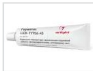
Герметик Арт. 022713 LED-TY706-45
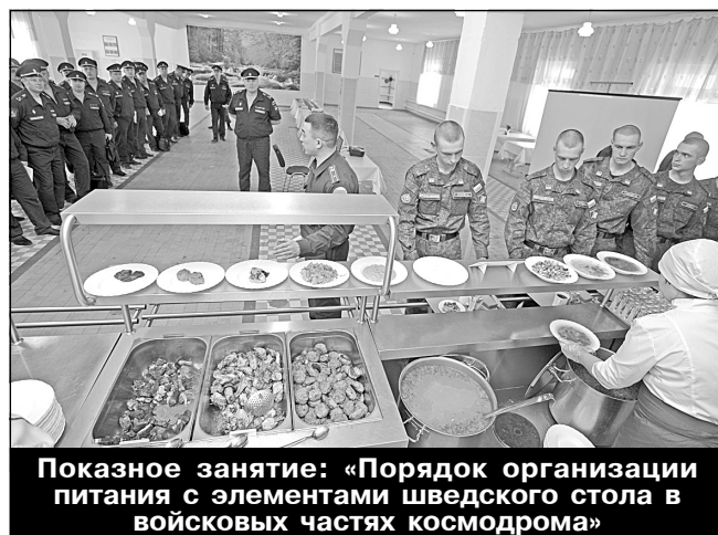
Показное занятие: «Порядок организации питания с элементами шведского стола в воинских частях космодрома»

--------

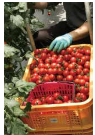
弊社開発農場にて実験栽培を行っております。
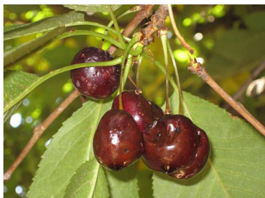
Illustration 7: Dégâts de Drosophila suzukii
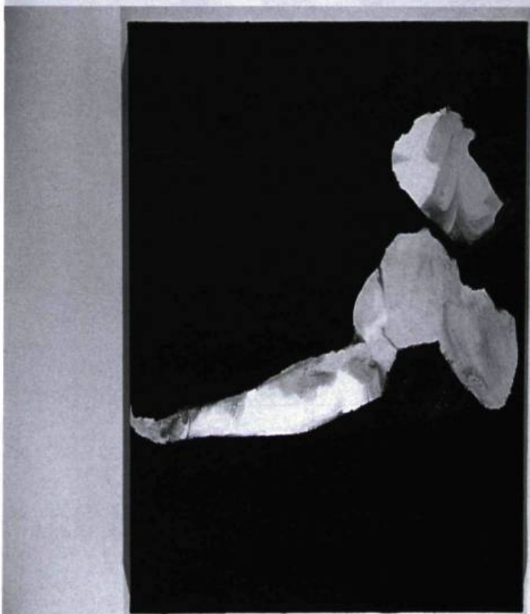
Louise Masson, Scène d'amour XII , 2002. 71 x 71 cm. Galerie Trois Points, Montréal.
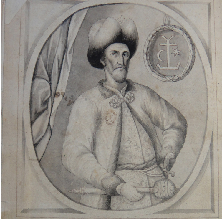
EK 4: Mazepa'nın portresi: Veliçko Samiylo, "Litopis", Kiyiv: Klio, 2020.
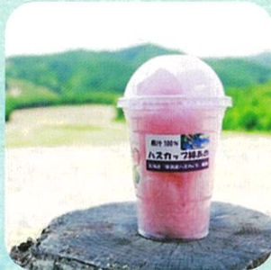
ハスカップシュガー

--------

Extract from the material above the stretch running from the line containing "Герметик Арт. 022713 LED-TY706-45" through the line containing "организации питания с". Keep the text exact and the pictures out.

Герметик Арт. 022713 LED-TY706-45
Показное занятие: «Порядок организации питания с элементами шведского стола в воинских частях космодрома»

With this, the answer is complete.